[Work task] Starting at the line that holds "17. Genaus so.", reproduce each line exactly up to and including the last line of the records below. Pictures stay out.

Supplied records START

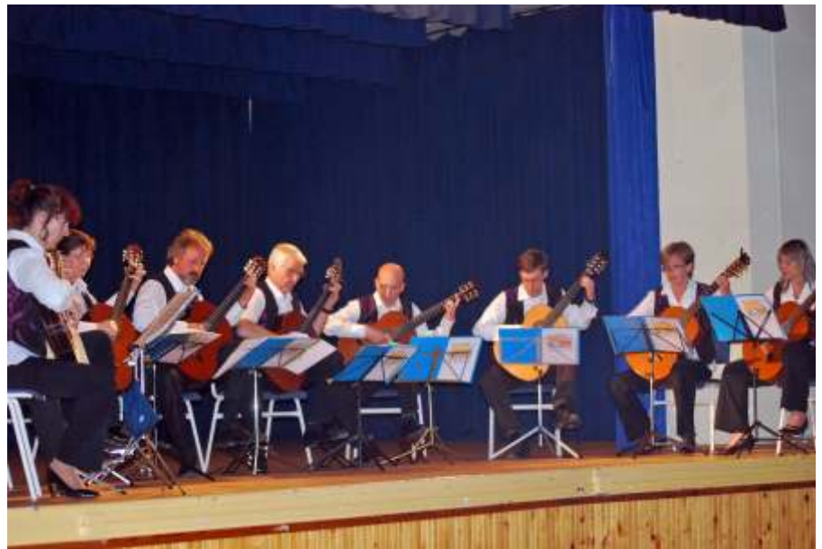
Április 21-én Újszászon vendégszerepelt a megyében turnézó Guitar 'Essone francia-portugál akusztikus gitár együttes

Február elején két óvodás csoportot fogadtunk a könyvtárban: A Hamupipőke csoport a vízi élővilágról, a Méhecske
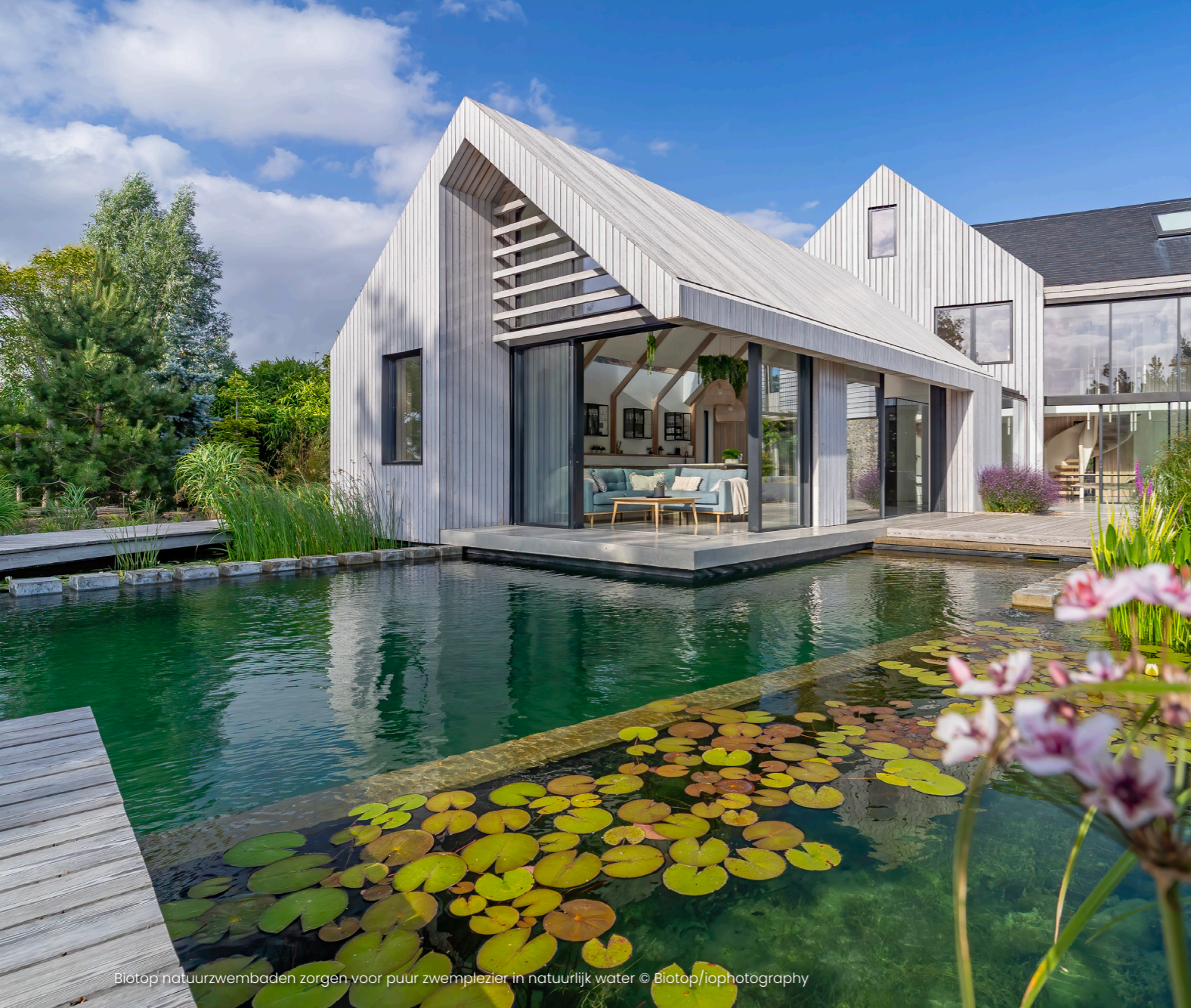
Biotop natuurswembaden zorgen voor puur zwemplezier in natuurlijk water
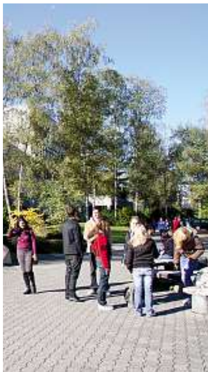
28 Aus zwei mach eins: Neue Kantonsschule Zürich Nord.
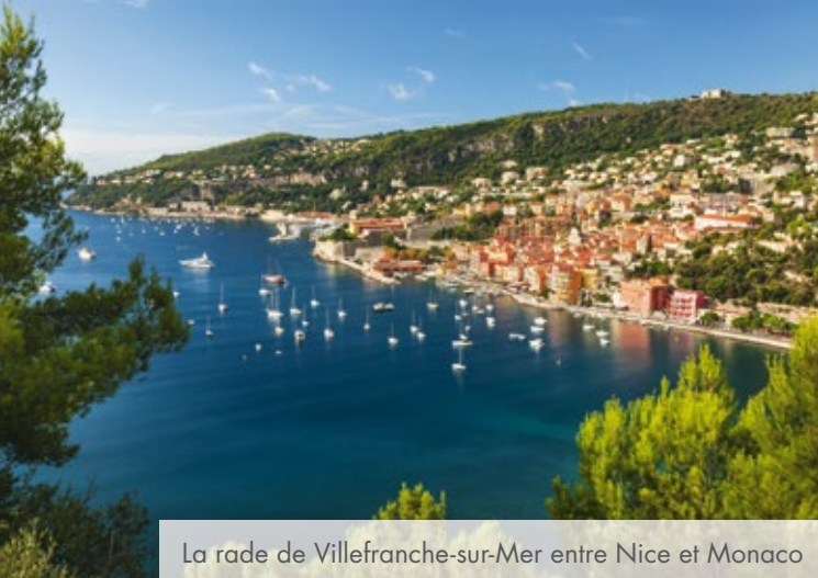
La rade de Villefranche-sur-Mer entre Nice et Monaco
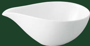
キ496-057 アーバン 片口鉢 (L) 18.3×11.2×6.8cm (5×6入・磁) (中国) 1,150円
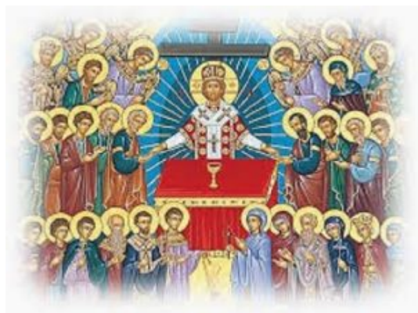
π. Αλέξανδρος Σμέμαν

Γιατί πιστεύω; Κοιτάζω μέσα μου, μέσα στις εμπειρίες και στα αισθήματα μου και μολοταύτα δεν βρίσκω καμία απάντηση. Τι σημαίνει ο θεός για μένα; Ένας τρόπος να ερμηνεύσω τον κόσμο και τη ζωή; ΟΧΙ!
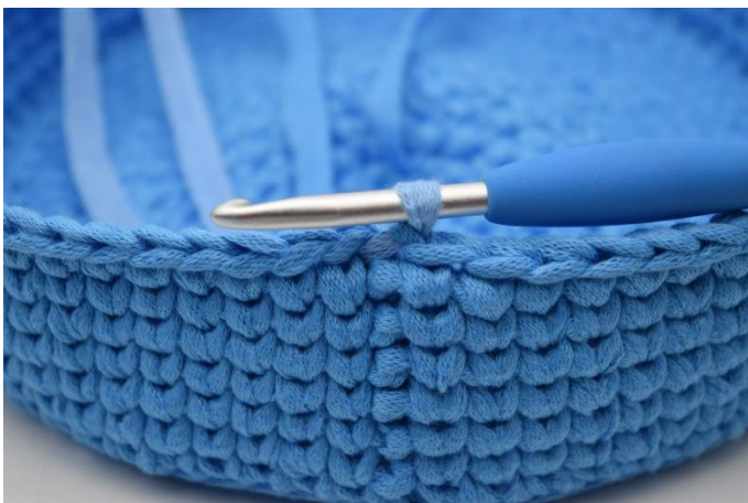
17. Genaus so.
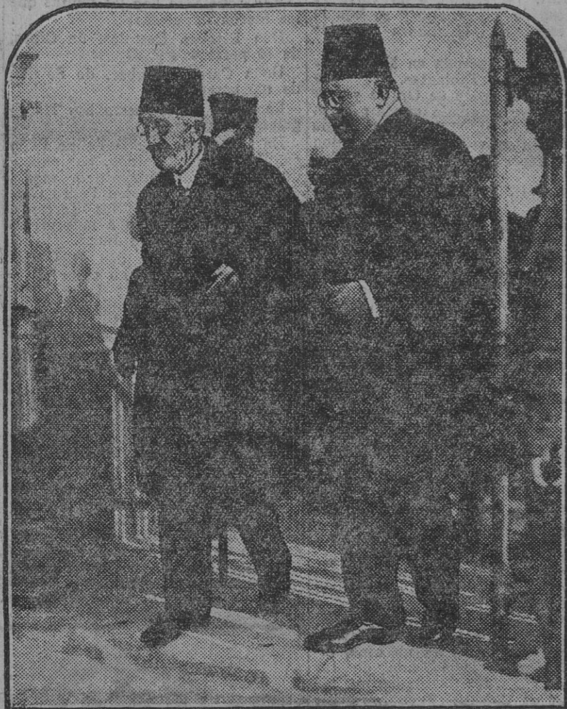
Ultimo retrato de Mahomet VI, ex Sultán de Turquía muerto en San Remo (Italia), a cuyo cadáver le ha sido practicada la autopsia a fin de comprobar la denuncia formulada acerca de un supuesto envenenamiento.

Y esto no es todo. Los chauffeurs han recibido orden de moderar la marcha de sus vehículos al pasar ante esos funébreos monumentos.
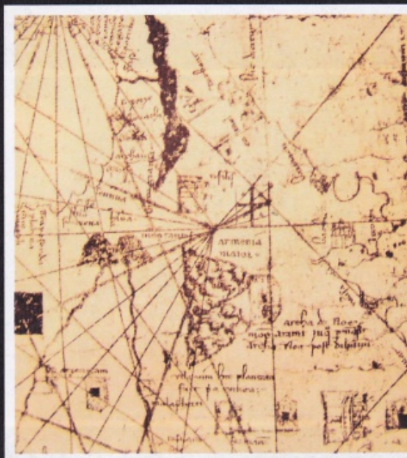
Armenia na mapie świata Angelino Dulgera z 1339 roku (fragment).
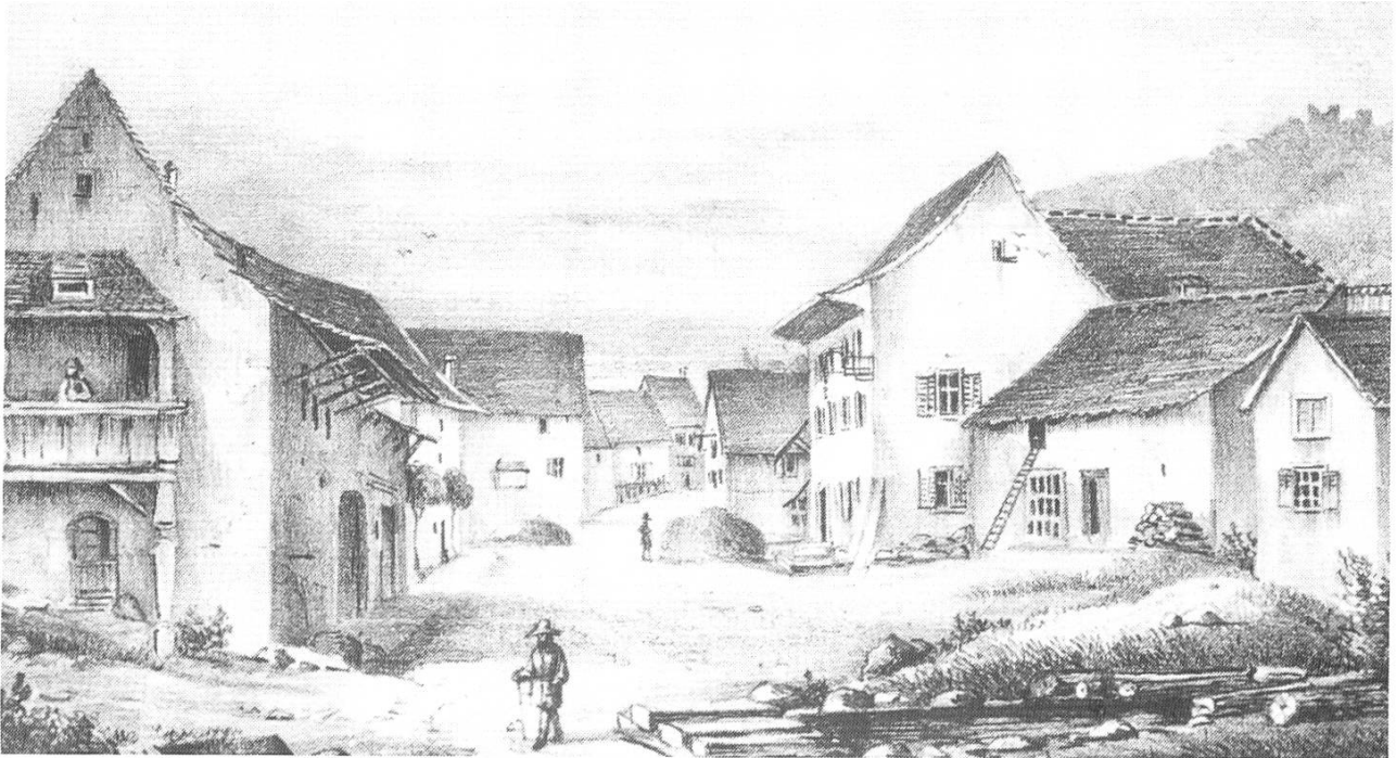
Abb. 1. Burggasse gegen Osten. Rechts Gasthaus «Schlüssel», im Vordergrund der offene Dorfbach.

Supplied records END

[Written response]
17. Genaus so.
Ultimo retrato de Mahomet VI, ex Sultán de Turquía muerto en San Remo (Italia), a cuyo cadáver le ha sido practicada la autopsia a fin de comprobar la denuncia formulada acerca de un supuesto envenenamiento.

Y esto no es todo. Los chauffeurs han recibido orden de moderar la marcha de sus vehículos al pasar ante esos funébreos monumentos.
Armenia na mapie świata Angelino Dulgera z 1339 roku (fragment).
Abb. 1. Burggasse gegen Osten. Rechts Gasthaus «Schlüssel», im Vordergrund der offene Dorfbach.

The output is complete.